Requirement:
Output, word for word, each line from the one with "Viewing galleries were" through the end of the listing below, excluding every picture.

Dataset section:
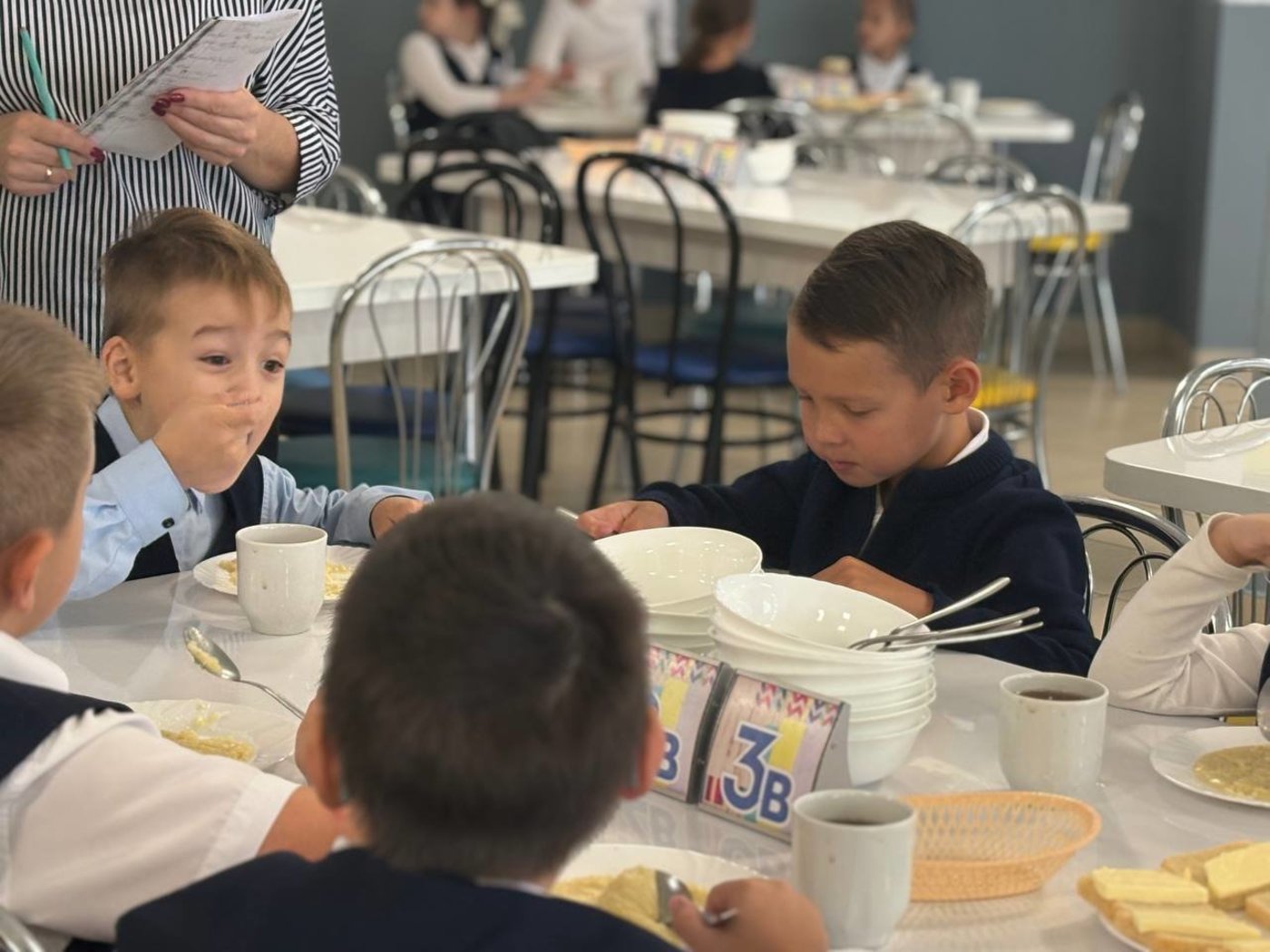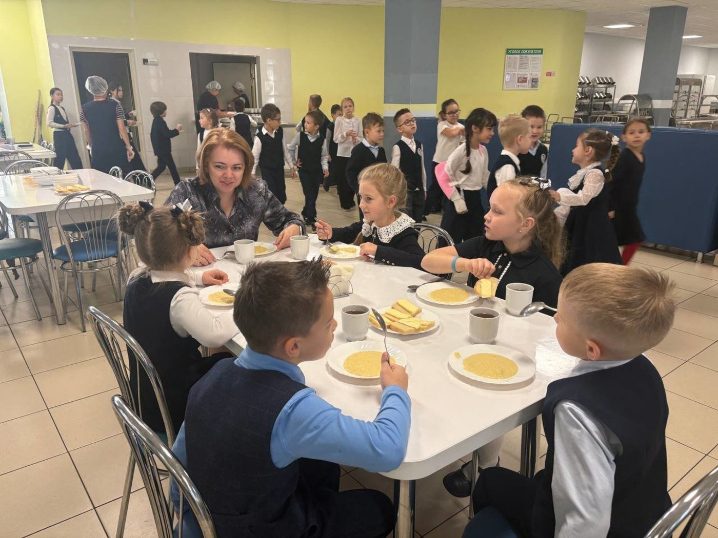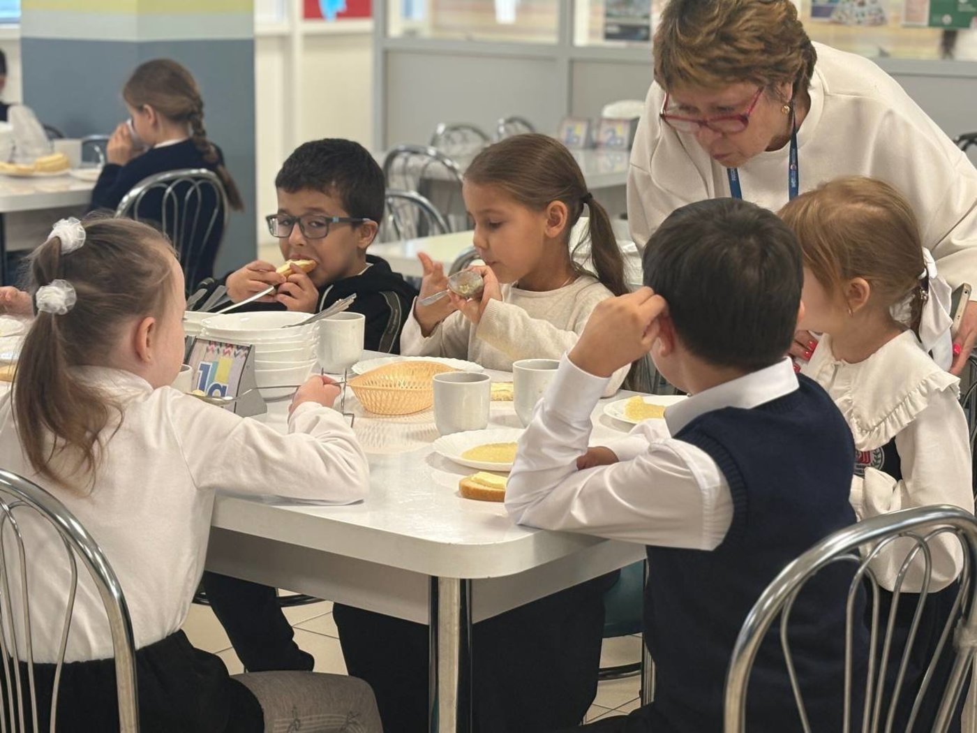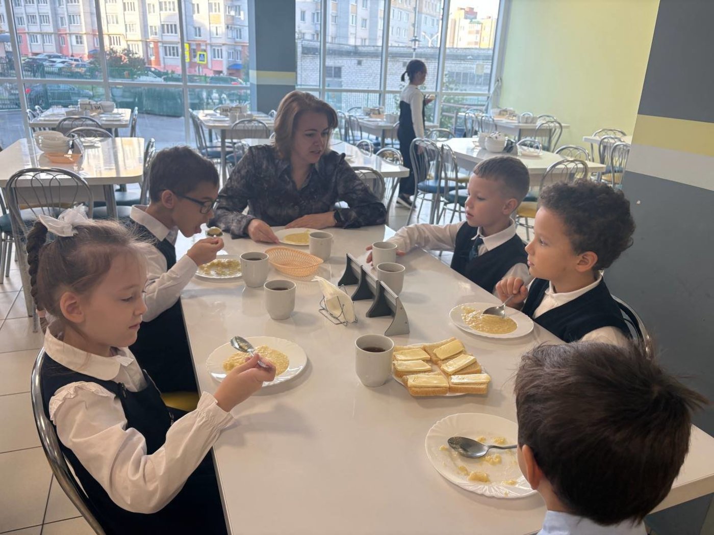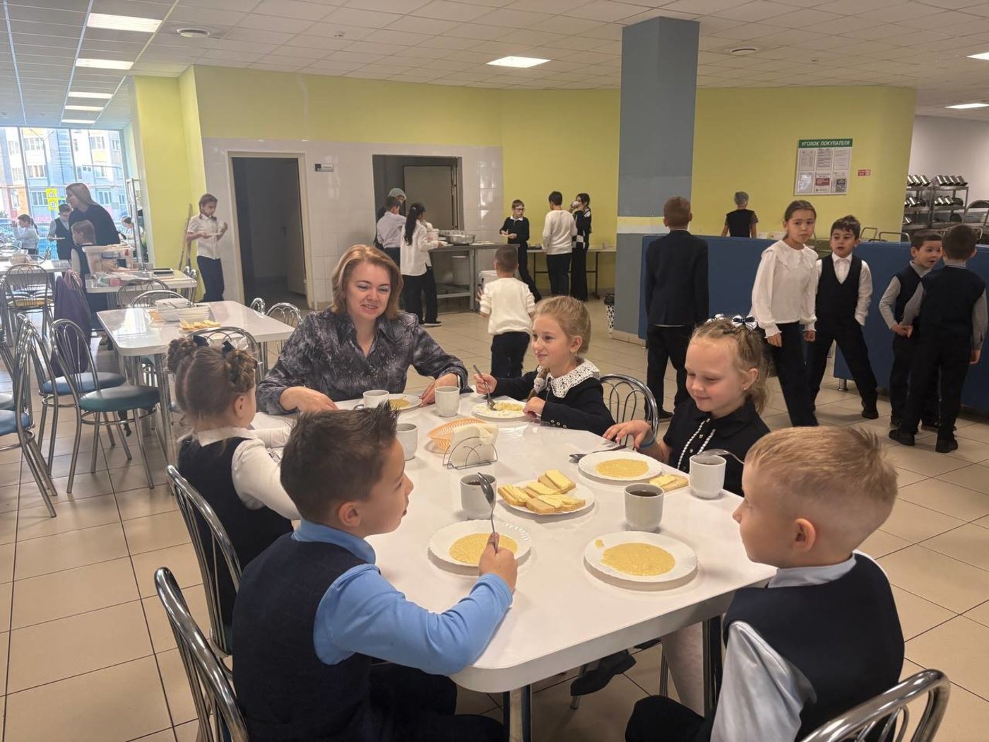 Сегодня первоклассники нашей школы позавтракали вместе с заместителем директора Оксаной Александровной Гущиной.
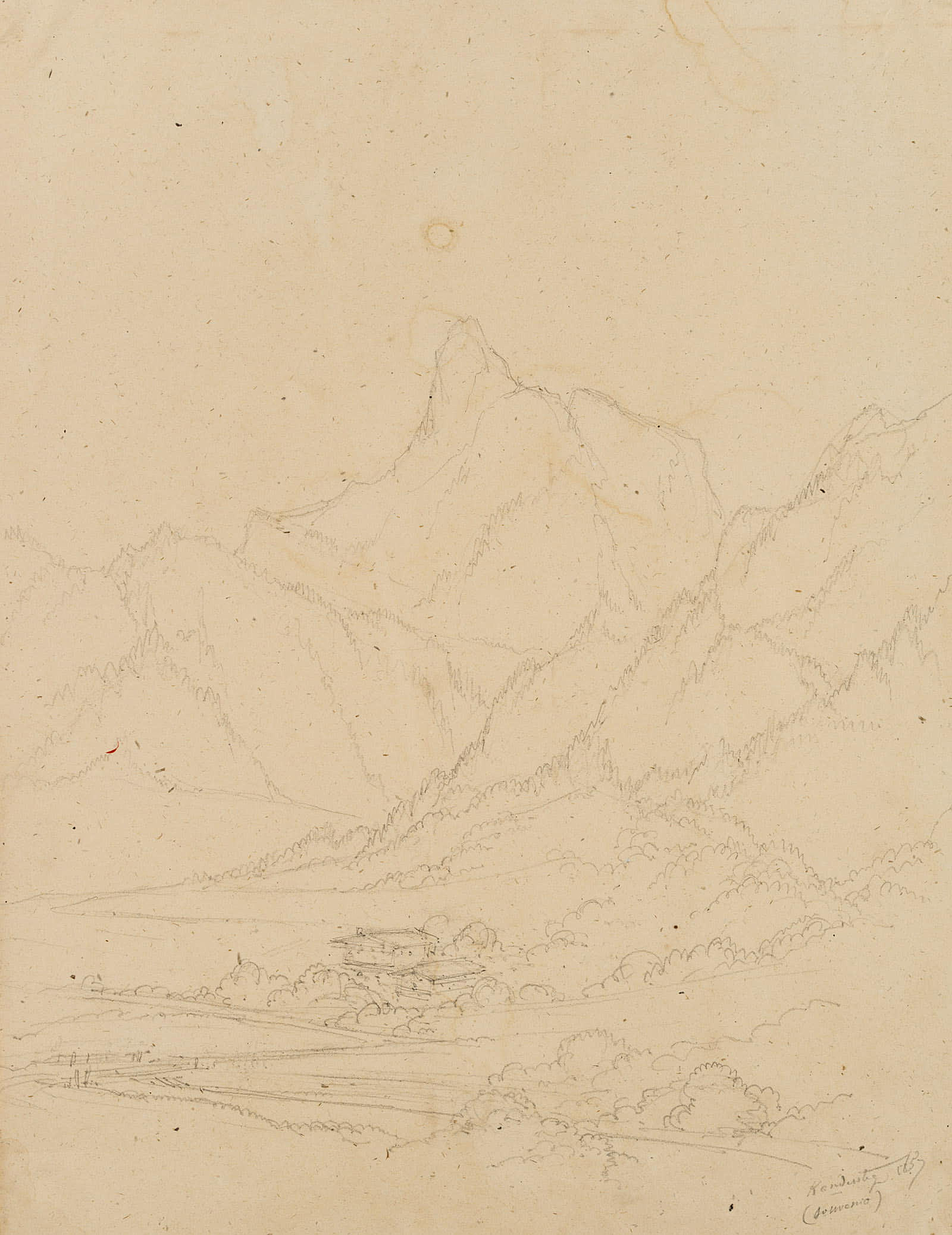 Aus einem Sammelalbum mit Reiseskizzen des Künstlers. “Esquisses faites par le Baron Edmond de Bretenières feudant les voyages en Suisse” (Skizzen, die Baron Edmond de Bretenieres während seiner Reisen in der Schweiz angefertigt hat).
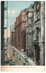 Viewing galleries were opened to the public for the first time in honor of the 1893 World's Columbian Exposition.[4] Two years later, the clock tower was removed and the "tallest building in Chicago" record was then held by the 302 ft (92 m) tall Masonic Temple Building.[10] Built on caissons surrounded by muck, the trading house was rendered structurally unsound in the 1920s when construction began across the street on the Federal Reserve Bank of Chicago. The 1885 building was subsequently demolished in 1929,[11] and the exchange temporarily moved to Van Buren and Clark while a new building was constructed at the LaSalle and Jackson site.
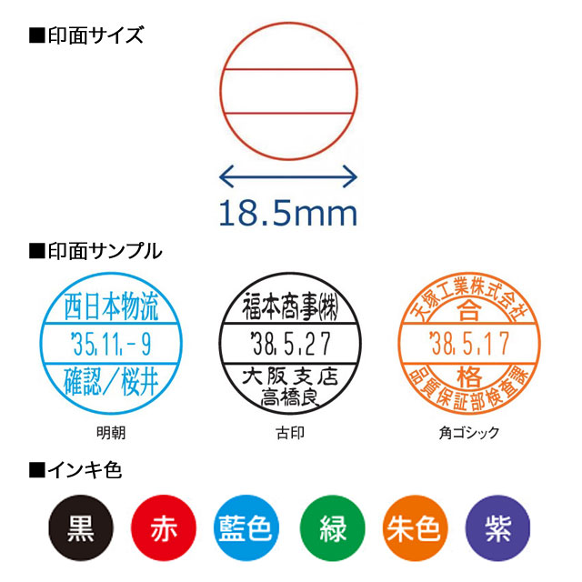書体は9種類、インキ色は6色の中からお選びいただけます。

Exercise result:
 Viewing galleries were opened to the public for the first time in honor of the 1893 World's Columbian Exposition.[4] Two years later, the clock tower was removed and the "tallest building in Chicago" record was then held by the 302 ft (92 m) tall Masonic Temple Building.[10] Built on caissons surrounded by muck, the trading house was rendered structurally unsound in the 1920s when construction began across the street on the Federal Reserve Bank of Chicago. The 1885 building was subsequently demolished in 1929,[11] and the exchange temporarily moved to Van Buren and Clark while a new building was constructed at the LaSalle and Jackson site.
書体は9種類、インキ色は6色の中からお選びいただけます。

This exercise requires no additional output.